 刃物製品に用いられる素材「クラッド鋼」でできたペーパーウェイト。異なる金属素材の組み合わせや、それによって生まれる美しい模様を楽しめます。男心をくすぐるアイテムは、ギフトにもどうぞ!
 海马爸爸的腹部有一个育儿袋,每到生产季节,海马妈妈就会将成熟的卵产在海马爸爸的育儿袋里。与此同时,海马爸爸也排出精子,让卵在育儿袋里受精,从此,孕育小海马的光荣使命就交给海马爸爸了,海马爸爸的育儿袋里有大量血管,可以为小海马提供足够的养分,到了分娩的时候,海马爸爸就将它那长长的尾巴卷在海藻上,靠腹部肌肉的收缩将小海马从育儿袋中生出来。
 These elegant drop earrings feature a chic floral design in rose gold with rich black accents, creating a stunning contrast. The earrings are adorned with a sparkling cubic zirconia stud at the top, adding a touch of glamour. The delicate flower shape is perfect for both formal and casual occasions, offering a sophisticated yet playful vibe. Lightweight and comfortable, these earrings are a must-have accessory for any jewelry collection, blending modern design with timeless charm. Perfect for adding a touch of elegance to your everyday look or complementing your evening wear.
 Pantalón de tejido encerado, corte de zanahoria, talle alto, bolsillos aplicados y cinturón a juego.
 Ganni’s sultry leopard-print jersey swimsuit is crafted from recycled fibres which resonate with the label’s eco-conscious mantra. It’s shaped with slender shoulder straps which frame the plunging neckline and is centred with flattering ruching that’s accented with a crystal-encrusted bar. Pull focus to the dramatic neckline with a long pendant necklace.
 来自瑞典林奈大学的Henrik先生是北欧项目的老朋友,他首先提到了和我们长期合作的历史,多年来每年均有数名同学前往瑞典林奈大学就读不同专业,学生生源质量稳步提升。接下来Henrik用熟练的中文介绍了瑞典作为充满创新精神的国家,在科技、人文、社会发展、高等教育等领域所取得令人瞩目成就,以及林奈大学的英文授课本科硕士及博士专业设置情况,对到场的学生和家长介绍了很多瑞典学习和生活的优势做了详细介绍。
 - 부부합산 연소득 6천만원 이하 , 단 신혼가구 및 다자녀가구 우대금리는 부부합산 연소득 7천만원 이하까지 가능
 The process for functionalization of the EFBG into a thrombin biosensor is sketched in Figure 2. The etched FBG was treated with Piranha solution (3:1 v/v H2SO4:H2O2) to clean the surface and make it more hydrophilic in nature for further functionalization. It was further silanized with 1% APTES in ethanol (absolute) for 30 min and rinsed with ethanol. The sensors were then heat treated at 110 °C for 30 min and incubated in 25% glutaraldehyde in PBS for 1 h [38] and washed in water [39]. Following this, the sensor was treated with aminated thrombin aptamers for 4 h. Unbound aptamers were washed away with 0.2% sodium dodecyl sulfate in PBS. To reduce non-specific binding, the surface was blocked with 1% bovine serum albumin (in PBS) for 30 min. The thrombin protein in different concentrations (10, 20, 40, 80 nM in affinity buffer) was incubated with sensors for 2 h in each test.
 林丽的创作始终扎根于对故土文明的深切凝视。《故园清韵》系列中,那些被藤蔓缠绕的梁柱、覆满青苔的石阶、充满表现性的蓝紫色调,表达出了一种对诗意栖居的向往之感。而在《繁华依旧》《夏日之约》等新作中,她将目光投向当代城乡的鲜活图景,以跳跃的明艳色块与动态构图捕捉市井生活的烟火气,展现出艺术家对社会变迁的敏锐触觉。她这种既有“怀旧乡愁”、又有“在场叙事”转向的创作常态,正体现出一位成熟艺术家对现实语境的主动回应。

**INSTRUCTIONS FOR THE TASK:**
Take the first line of the material above as the start and the line that contains "海马爸爸的腹部有一个育儿袋,每到生产季节" as the end. Output only that span, every line exactly as it stands.

**REPLY:**
 刃物製品に用いられる素材「クラッド鋼」でできたペーパーウェイト。異なる金属素材の組み合わせや、それによって生まれる美しい模様を楽しめます。男心をくすぐるアイテムは、ギフトにもどうぞ!
 海马爸爸的腹部有一个育儿袋,每到生产季节,海马妈妈就会将成熟的卵产在海马爸爸的育儿袋里。与此同时,海马爸爸也排出精子,让卵在育儿袋里受精,从此,孕育小海马的光荣使命就交给海马爸爸了,海马爸爸的育儿袋里有大量血管,可以为小海马提供足够的养分,到了分娩的时候,海马爸爸就将它那长长的尾巴卷在海藻上,靠腹部肌肉的收缩将小海马从育儿袋中生出来。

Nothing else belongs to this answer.